What needs to be done
In the entries below, find the line with "The boxed diet" and the line with "早上六點,BRT公司應急隊員", then retype both and everything between them exactly. Do not copy the pictures.

Records for the task
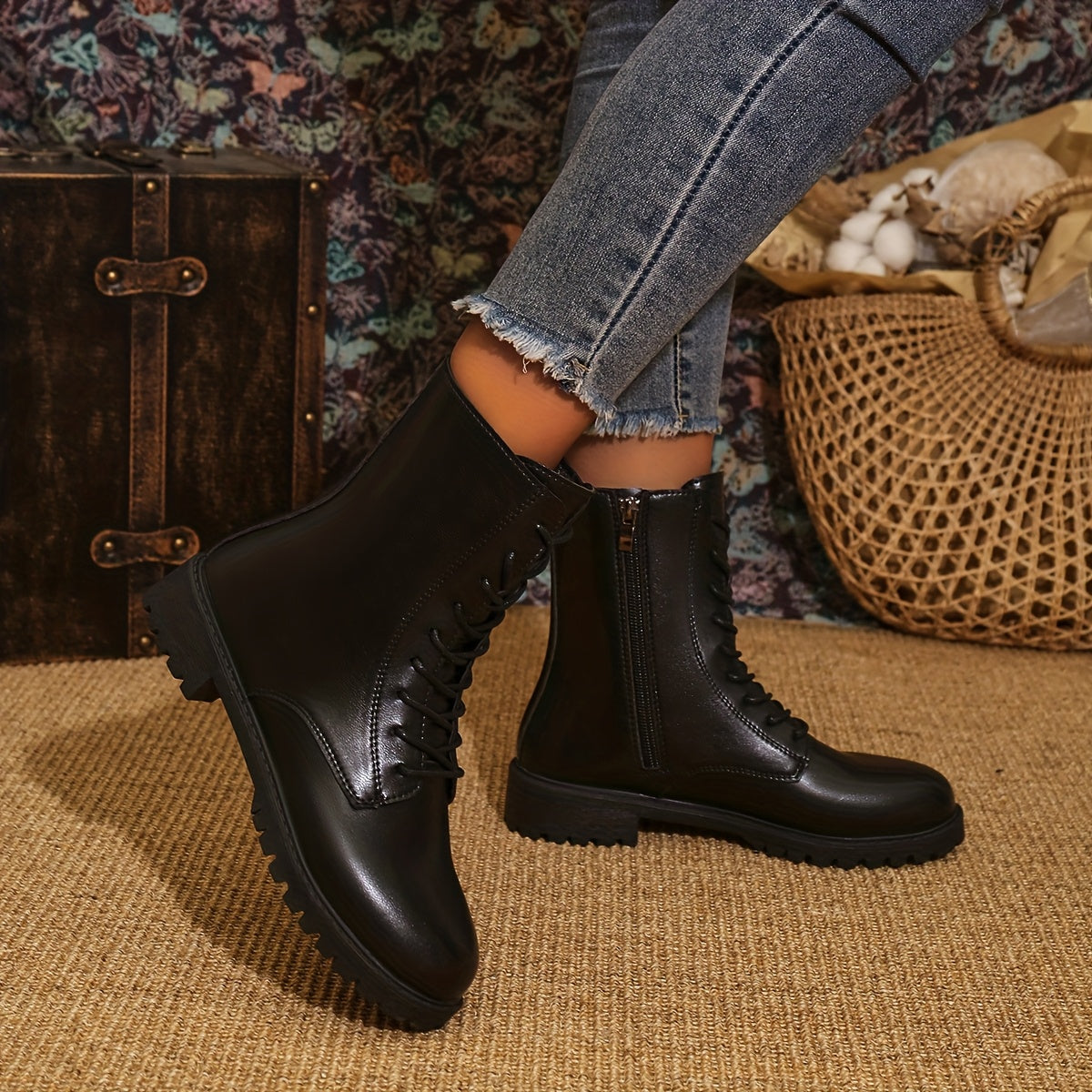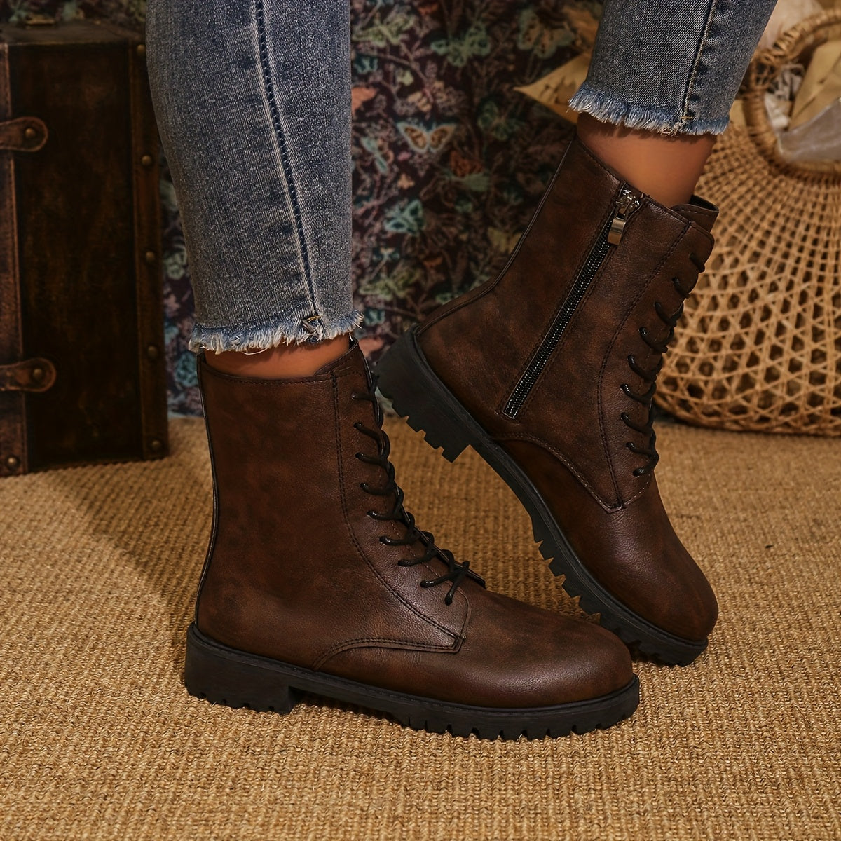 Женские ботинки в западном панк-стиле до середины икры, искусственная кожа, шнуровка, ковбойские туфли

==

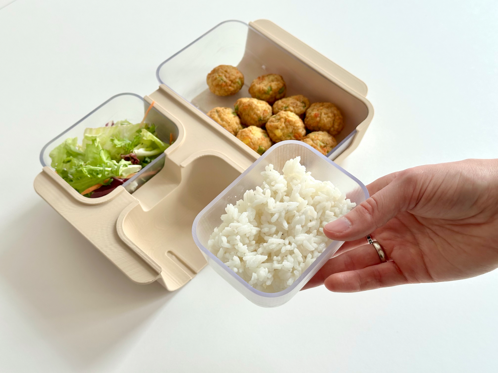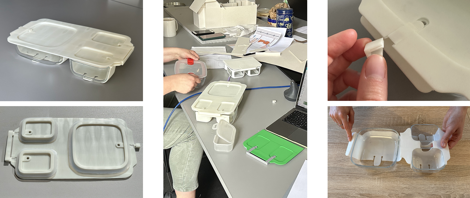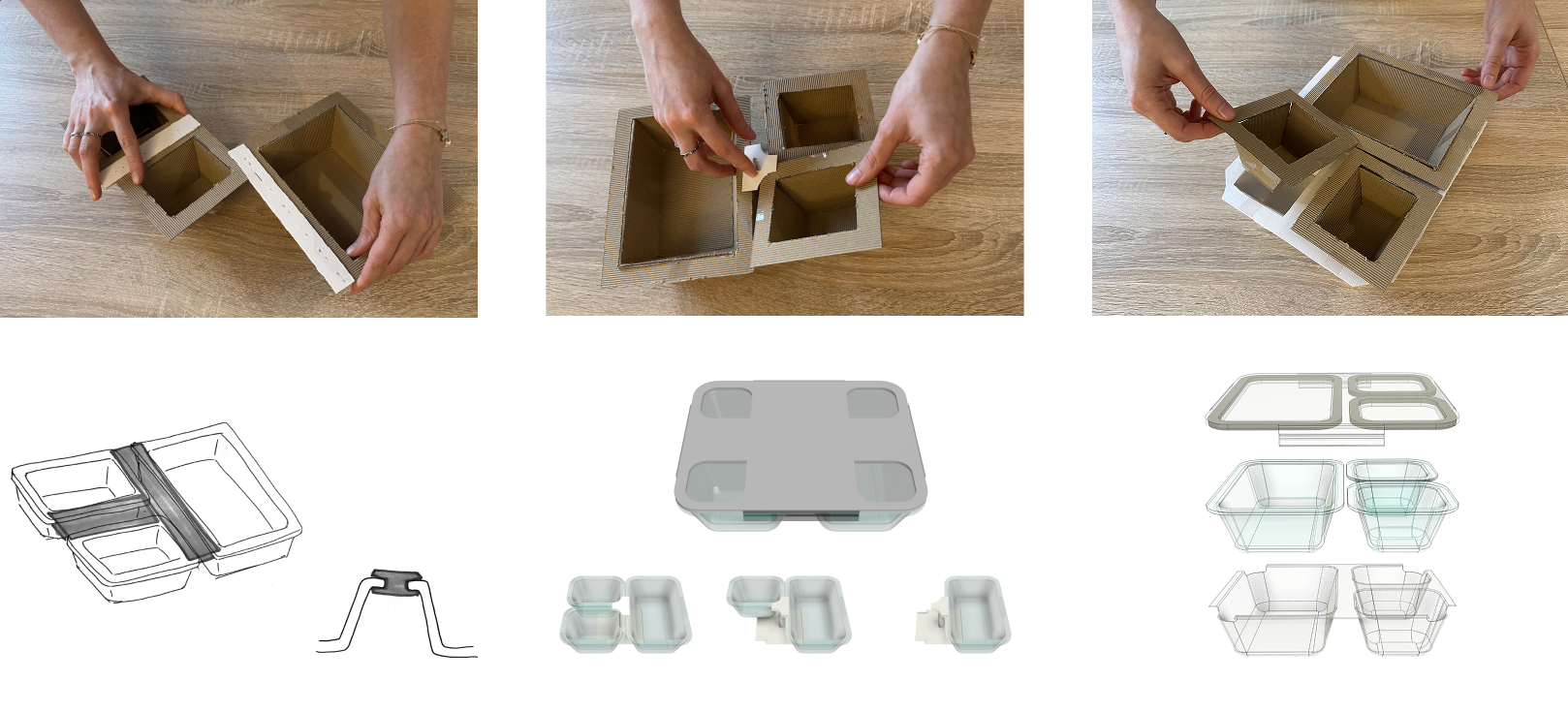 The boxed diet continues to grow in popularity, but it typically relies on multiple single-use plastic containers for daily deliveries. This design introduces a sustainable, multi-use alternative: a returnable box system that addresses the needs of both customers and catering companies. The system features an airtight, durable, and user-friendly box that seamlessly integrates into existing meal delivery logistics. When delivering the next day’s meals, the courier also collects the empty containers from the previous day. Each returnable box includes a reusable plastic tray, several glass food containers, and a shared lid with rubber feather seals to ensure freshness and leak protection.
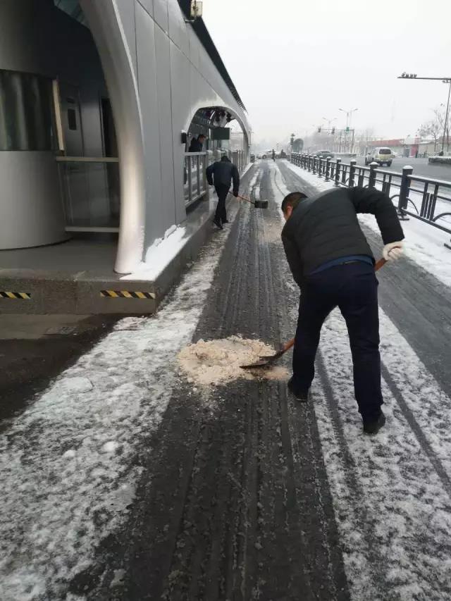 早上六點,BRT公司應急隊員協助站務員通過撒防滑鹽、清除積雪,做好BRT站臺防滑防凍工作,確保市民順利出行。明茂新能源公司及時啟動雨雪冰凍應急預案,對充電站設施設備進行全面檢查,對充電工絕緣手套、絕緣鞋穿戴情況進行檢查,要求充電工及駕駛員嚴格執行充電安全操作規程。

Finished task
 The boxed diet continues to grow in popularity, but it typically relies on multiple single-use plastic containers for daily deliveries. This design introduces a sustainable, multi-use alternative: a returnable box system that addresses the needs of both customers and catering companies. The system features an airtight, durable, and user-friendly box that seamlessly integrates into existing meal delivery logistics. When delivering the next day’s meals, the courier also collects the empty containers from the previous day. Each returnable box includes a reusable plastic tray, several glass food containers, and a shared lid with rubber feather seals to ensure freshness and leak protection.
 早上六點,BRT公司應急隊員協助站務員通過撒防滑鹽、清除積雪,做好BRT站臺防滑防凍工作,確保市民順利出行。明茂新能源公司及時啟動雨雪冰凍應急預案,對充電站設施設備進行全面檢查,對充電工絕緣手套、絕緣鞋穿戴情況進行檢查,要求充電工及駕駛員嚴格執行充電安全操作規程。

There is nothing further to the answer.